每年为基层官兵体检诊治,是我所在的部队医院的常规工作。那时我正处在年富力强的阶段,所以几乎年年都要下医疗队。这对口腔科来说,还真不是一件容易的事。
基层单位没有口腔科,也没有相关医疗设备。在基层过去有“牙痛不是病”的观念,所以也没人重视牙病。就连最基础的器材药品都没有(那时尚无一次性口腔器械)。所以大大小小的盘、盖、罐一样都不能少,都要医生自己携带。就是重量级的钳子、锤子、镊子、刀子、剪子也都要样样俱全地随身携带,以便每到一处,马上就能展开工作。
没有综合治疗台,只能让官兵坐在小凳上,背部和头部靠墙来进行操作。这样的工作条件对于口腔科医生,还真是个不小的考验。
基层官兵训练任务繁重,又缺乏口腔卫生知识,导致龋齿病高发,有大量的龋齿需要治疗。年轻的官兵们,正值智齿萌出的年龄,加上任务重,压力大,所以智齿冠周炎的发病率极高,受驻地医疗条件所限,堆积下来需要解决的牙病是医疗队里任务最繁重的。但是,牙病治疗任务只能由我一个人昼夜无休地去承担,且所有器械的洗刷消毒也要自己承担,以保证能循环使用而不间断地正常工作,所以工作量不是一般的大,也正是如此,我练就了“快手”操作。

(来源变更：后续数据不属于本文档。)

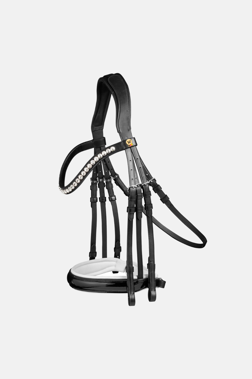 Cabezada de doble rienda estilo sueca de la colección S-Line. Compuesta de una testera anatómica, una frontalera cubierta de cristales brillantes, una muserola de suave acolchado y las hebillas de acero inoxidable.

基层单位领导在医疗队领导的陪同下,前来看望我以示关怀。说大家最期盼最欢迎的就是口腔科医生了。平时看牙太难了,早就对医疗队的到来望眼欲穿了。你看我们炊事班长,每顿饭都亲自操持,并亲自给你们上菜。我的眼前马上闪出那个只端菜上桌却面无表情,从不开口说话也不笑的战士。他真的欢迎我们吗?为什么不说话呢?
当天上午,轮到这位不说不笑的炊事班长坐到了小凳上,依然是闭着嘴不说话。我拿着口镜、镊子,让他张嘴,我要检查。他这才不好意思地张开了嘴,我顿时就明白了。炊事班长的左上前门牙于半年前在军训时被战友的枪托撞断了牙冠,只留下牙根残存在牙槽骨内。他说开始一张嘴遇冷风、冷水就疼痛;时间长了也不痛了,现已习惯了,所以不爱张嘴了。
我非常理解也很同情班长的遭遇和痛苦。怎么办?眼下的设备和条件都不具备处置他的患牙的能力。一想到他那望眼欲穿的眼神和分分秒秒的心理痛苦,我必须在现有情况下帮他。
这个前门牙是从齐牙龈处断开的,牙根尚有一定长度,也还牢固。便对患牙清除了腐败的残髓,彻底对根部进行冲洗消毒,封上用于根管消毒的药物,嘱两天后复诊(通常要一周或两周后复诊,但我们在这里只有一周的时间)。
两天后,班长及时复诊。检查一切正常,无红肿、无叩痛。便用一段不锈钢条(敲扁以增加固位)代替桩钉,经过消毒,置于根管腔内,用充填材料树脂手工做了个牙冠。给班长修复结束后,他从衣服口袋里取出小镜子一照,立即绽放了笑脸,笑得那么灿烂。
我向他交待了注意事项,限于条件,只能给你做这个简易的牙冠了,只为改善您的形象和解决发音漏风问题,有利于语言交流,千万不能用来切割食物,等以后有机会再做真正的牙冠修复吧。班长笑着直点头,千恩万谢地走了。
这天中午饭,班长又来上菜了。他是微笑着来的,而且开口说话了。“医生们辛苦了,多吃点。”